The Motivation

Over the past week, I’ve been working on converting R scripts into scripts that hook into R’s C++ API using RcppArmadillo. The common reaction when I mentioned the project was, “Huh? Why would you bother converting from R language into R C++?” Then, I showed them the benchmarks. Needless to say, I now have several folks who want to learn how to write scripts using RcppArmadillo. The post is meant as an introduction in a series of posts to writing in Rcpp/RcppArmadillo.

The Setup

Before we go further, let’s talk about the work environment basics for RcppArmadillo. First, make sure you install the following packages RcppArmadillo, Rcpp, inline, and rbenchmark

install.packages("Rcpp","RcppArmadillo","inline","rbenchmark");

Development Environment

The development flow that is typical with code development projects is to use an R Studio project space.

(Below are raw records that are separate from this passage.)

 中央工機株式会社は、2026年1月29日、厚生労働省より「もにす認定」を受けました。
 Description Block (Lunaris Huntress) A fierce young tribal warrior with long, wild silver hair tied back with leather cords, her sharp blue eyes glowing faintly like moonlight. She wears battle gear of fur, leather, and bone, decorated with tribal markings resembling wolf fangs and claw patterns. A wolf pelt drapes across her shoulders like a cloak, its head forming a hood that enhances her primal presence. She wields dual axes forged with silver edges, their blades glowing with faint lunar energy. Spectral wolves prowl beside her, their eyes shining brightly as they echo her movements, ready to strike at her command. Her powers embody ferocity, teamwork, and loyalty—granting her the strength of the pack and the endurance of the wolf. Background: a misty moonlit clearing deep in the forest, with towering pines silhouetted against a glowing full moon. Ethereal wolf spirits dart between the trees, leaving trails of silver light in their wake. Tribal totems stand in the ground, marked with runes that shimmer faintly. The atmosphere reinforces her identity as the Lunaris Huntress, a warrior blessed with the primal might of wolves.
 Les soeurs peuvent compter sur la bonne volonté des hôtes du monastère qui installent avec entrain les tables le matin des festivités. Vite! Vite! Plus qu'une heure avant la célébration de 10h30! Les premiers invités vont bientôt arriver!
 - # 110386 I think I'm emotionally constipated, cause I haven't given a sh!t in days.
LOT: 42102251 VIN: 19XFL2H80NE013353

To create an Rcpp project from within R Studio, go through the normal project creation steps:

  1. File => New Project
  2. New Directory => R Package
  3. Click the Type: dropdown menu to engage options, Select “Package w/ Rcpp”
    • By default it says, “Package”
  4. Fill in Package name
  5. Select appropriate directory for package
  6. Uncheck create a git repository for this project
    • Git is a version control system for code and is outside the scope of this tutorial.
  7. Press create project

Bold words indicate changes from the normal creation process.

If you create a new C++ file from the drop down menu, then note that in the upper right hand corner of the code editor you no longer have “Run” and “Re-run the previous code region.” The only remainder from creating R Scripts in the code editor is that of “Source,” which will compile that Rcpp script using the R console command sourceCpp().

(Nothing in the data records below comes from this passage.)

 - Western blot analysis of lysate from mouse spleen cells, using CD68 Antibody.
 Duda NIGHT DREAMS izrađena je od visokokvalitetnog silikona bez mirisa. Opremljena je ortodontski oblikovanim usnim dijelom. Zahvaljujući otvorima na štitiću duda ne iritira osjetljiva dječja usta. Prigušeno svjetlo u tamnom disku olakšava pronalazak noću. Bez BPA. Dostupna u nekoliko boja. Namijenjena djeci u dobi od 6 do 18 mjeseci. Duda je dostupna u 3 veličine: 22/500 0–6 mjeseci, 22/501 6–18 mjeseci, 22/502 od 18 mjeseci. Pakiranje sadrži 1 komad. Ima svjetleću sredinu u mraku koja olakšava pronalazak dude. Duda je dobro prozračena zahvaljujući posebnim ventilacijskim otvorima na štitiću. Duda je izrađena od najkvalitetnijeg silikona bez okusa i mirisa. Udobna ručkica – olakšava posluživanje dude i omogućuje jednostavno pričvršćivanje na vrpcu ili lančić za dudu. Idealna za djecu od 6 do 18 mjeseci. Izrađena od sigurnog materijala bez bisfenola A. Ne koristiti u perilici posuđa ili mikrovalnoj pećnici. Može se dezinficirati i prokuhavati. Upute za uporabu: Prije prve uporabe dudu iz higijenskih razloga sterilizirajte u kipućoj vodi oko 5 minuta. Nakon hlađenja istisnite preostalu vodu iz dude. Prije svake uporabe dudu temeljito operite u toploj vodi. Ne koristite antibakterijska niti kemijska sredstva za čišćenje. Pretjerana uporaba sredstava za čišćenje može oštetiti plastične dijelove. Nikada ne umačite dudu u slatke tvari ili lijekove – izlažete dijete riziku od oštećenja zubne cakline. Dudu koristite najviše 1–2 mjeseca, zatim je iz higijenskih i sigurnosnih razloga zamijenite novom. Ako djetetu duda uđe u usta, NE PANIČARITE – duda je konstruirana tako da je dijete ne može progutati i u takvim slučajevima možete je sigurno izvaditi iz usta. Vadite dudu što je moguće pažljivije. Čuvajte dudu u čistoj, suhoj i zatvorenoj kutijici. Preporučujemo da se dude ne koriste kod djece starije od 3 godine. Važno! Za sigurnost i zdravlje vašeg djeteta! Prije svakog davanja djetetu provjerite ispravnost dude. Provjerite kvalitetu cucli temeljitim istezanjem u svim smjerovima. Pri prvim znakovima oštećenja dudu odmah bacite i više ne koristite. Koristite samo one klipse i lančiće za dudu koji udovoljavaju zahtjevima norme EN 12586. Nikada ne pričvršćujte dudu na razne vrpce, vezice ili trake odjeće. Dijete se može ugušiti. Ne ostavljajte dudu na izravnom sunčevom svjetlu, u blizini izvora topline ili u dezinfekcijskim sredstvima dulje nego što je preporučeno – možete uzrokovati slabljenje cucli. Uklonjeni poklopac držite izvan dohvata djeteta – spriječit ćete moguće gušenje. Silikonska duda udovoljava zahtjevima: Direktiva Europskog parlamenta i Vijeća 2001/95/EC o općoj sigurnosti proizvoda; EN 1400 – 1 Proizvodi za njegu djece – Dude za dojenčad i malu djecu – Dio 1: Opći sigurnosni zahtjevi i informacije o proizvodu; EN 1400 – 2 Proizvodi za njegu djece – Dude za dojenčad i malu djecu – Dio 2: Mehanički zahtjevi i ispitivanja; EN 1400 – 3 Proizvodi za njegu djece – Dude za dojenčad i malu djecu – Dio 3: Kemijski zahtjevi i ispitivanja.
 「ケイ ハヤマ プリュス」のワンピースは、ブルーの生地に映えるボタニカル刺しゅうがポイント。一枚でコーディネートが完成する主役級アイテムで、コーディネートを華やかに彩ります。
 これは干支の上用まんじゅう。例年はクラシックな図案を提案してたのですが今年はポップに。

In order to build your package using the Build tab, modifications need to be made to both the DESCRIPTION file and the NAMESPACE file.

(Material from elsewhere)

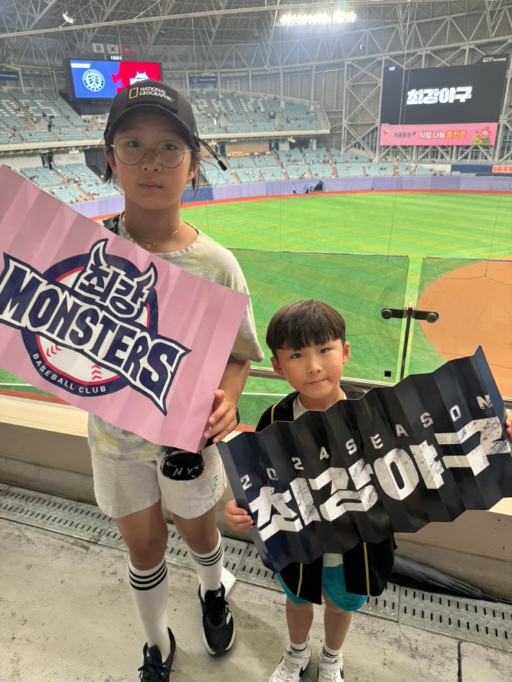 강릉에서 서울(고척스카이돔)까지 최강야구 연세대전 초등가족 첫 직관 후기(주차장이용, 음식 배달 , 내야석 320구역 시야 등)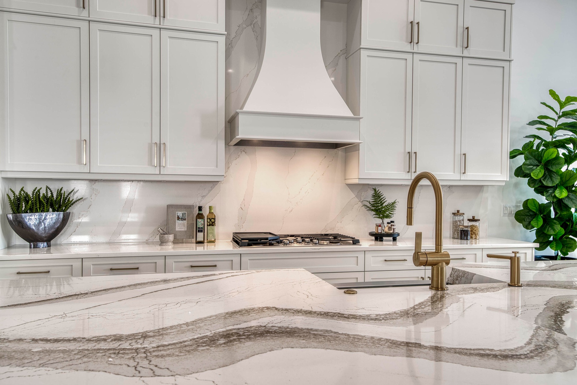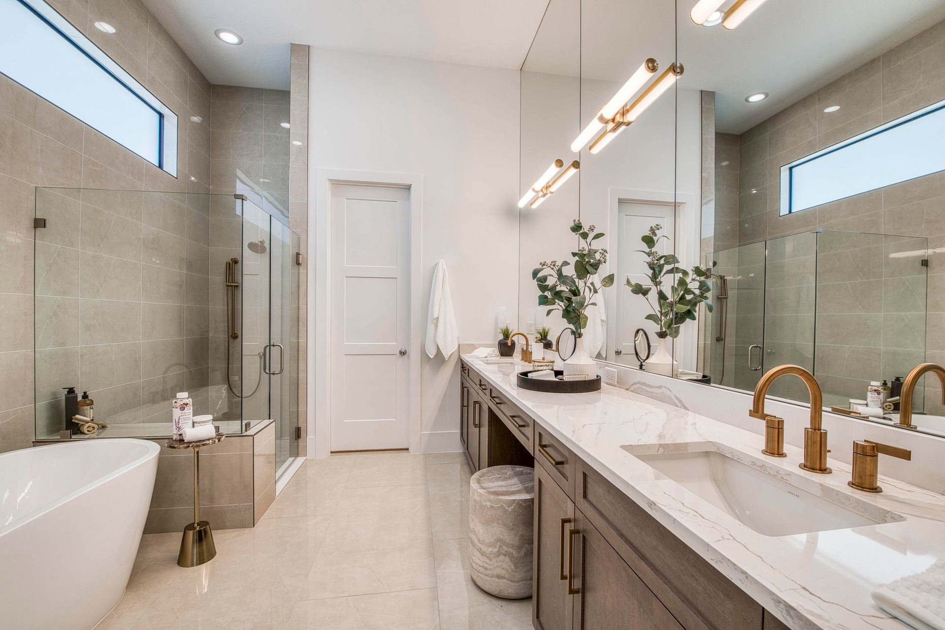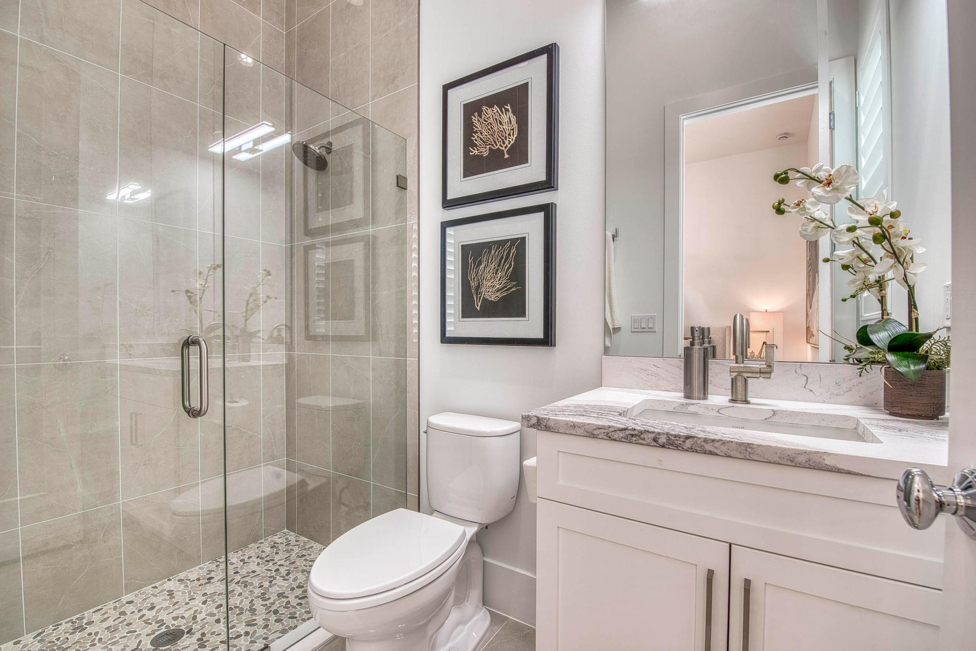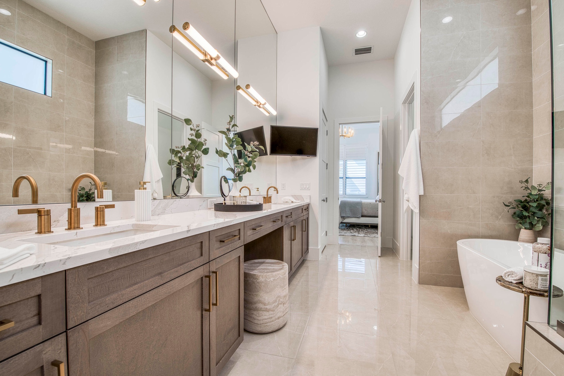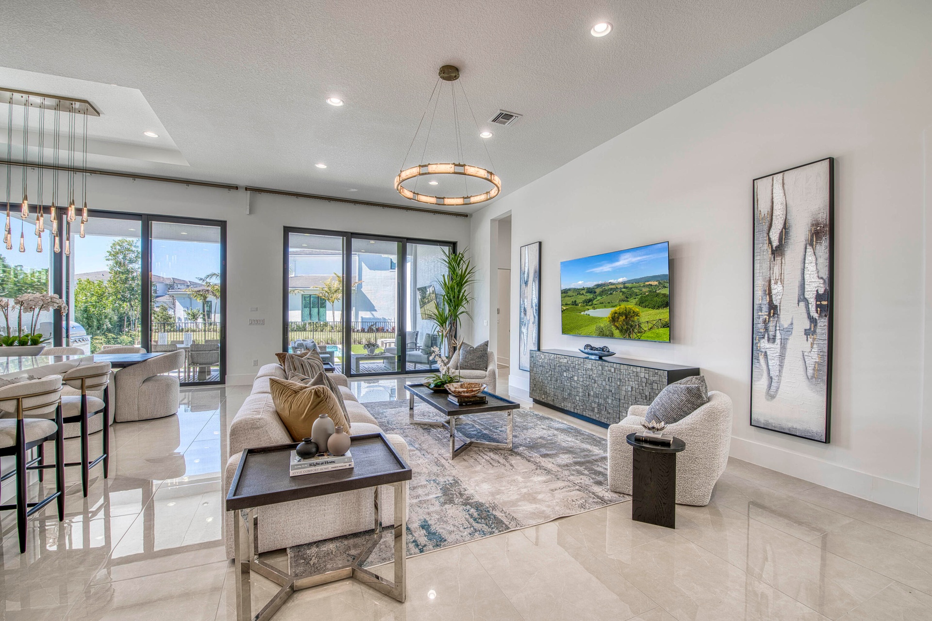 Welcome to this exquisite new construction residence in the gated community of Artistry in Palm Beach Gardens, where modern design and elevated finishes converge in a thoughtfully curated one-story floor plan. Offering 3 bedrooms, 3.5 baths, a private office, and a 3-car garage across 2,976 square feet under air, this home was crafted for both refined living and effortless entertaining. A seamless open layout unites the living, dining, and kitchen spaces, truly the heart of the home, accentuated by large-format tile flooring, custom lighting, 5'' baseboards, and a sophisticated linen-toned palette. The designer kitchen showcases custom white wood cabinetry, coordinating quartz countertops and backsplash, a premium stainless steel appliance package with gas cooktop, separate beverage refrigerator, and an expansive island with pull-up seating. Two oversized 10' sliding glass doors flood the space with natural light while framing views of the covered patio and resort-style pool and spa. The dedicated office, introduced by double doors and a recessed ceiling detail, provides a quiet and stylish workspace. All bedrooms feature en-suite baths and walk-in closets, with the primary suite serving as a true sanctuary. Its spa-inspired bath is appointed with a wall-to-wall dual vanity with center make-up station, floor-to-ceiling tile, soaking tub, glass-enclosed shower, bronze fixtures, and statement lighting. Outdoor living is equally compelling, highlighted by an expansive covered patio designed for year-round enjoyment. A fully equipped summer kitchen with built-in grill anchors the dining area, while the lounge space is prepped for a wall-mounted TV. The sparkling pool and integrated spa with sunshelf are surrounded by turf greenery and lush tropical landscaping, creating a private resort ambiance. Additional features include impact windows and doors, white plantation shutters, and a dedicated laundry room with sink and added storage. This exceptional residence offers the perfect blend of new construction peace of mind and sophisticated modern luxury in one of Palm Beach Gardens' most sought-after gated communities.

The DESCRIPTION file should look like so:

Package: your package name here
Type: Package
Title: package title
Version: 1.0
Date: YYYY-MM-DD
Author: Your Name Here
Maintainer: Person to send complaints to <complain_to_me@gmail.com>
Description: Short description
License: MIT + file LICENSE
Imports: Rcpp (>= 0.12.9)
LinkingTo: Rcpp, RcppArmadillo

Note, the only main difference is the inclusion of RcppArmadillo in the LinkingTo field!

Within the NAMESPACE file, make the following modifications:

useDynLib(packagename)         # Change me!
importFrom(Rcpp, evalCpp)
exportPattern("^[[:alpha:]]+") # Exports all functions
                               # Remove if proficient with roxygen2's @export tag.

The key is to substitute your package name in useDynLib(packagename).

With these modifications, RStudio will be able to handle RcppArmadillo based packages.

A short cavat to the above note is having space or any special characters in the file path to the source file. So, this means you should not try to compile a source file with the following paths:

C:/users/name/what up/did you/know spaces/are very/harmful to/rcpp files.cpp

or

C:/users/name/!@#$%^&*()-=+/rcppfile.cpp

Making a simple script

Please note, there are several alternatives to this workflow. For example, if you only want to outsource one function that is loop-intensive, then using the inline package or cppFunction() is preferred.

Here is an example creating an inline function declaration with cppFunction():

#In R
library("Rcpp")

#In R
cppFunction('
    //declare return type, specify function name, and function parameters
    int hello_world_rcpp(int n) {
    
    //C++ for loop
    for(int i=0; i<n; i++){
    
      //prints to R console similar to print() or cat()
      Rcpp::Rcout << "Hello World!" << std::endl;
      
    }
    
    //send back the number of times hello world was said.
    return n;
}')

The R equivalent would be:

hello_world_r = function(n) {
      for(i in 1:n){
        cat("Hello World!");
      }
      return(n);
}

Calling the function results in:

#In R
hello_world_rcpp(n=2)
Hello World!
Hello World!
[1] 2

Why this wasn’t futile…

In the beginning, I mentioned that the primary reason for converting from R scripts to R’s C++ API was speed. To illustrate, note the following benchmarks created using library("rbenchmark").

library("rbenchmark")
benchmark(rcpp_v = hello_world_rcpp(2),r_v = hello_world_r(2))
##     test replications elapsed relative user.self sys.self user.child   sys.child
## 2    r_v          100    0.01       NA      0.02        0         NA          NA
## 1 rcpp_v          100    0.00       NA      0.00        0         NA          NA

So, we should prefer the rcpp implementation. Note, this may not always hold when you are echoing statements out to the console. There may be added lag using Rcpp out statements vs. R out statements. However, the looping procedures within Rcpp should be faster than looping procedures in R. Also, the output from this benchmark was suppressed. If you run this benchmark on your system, expect to receive 200 “Hello World!” and 200 returns of the number 2 in addition to the output table displayed above.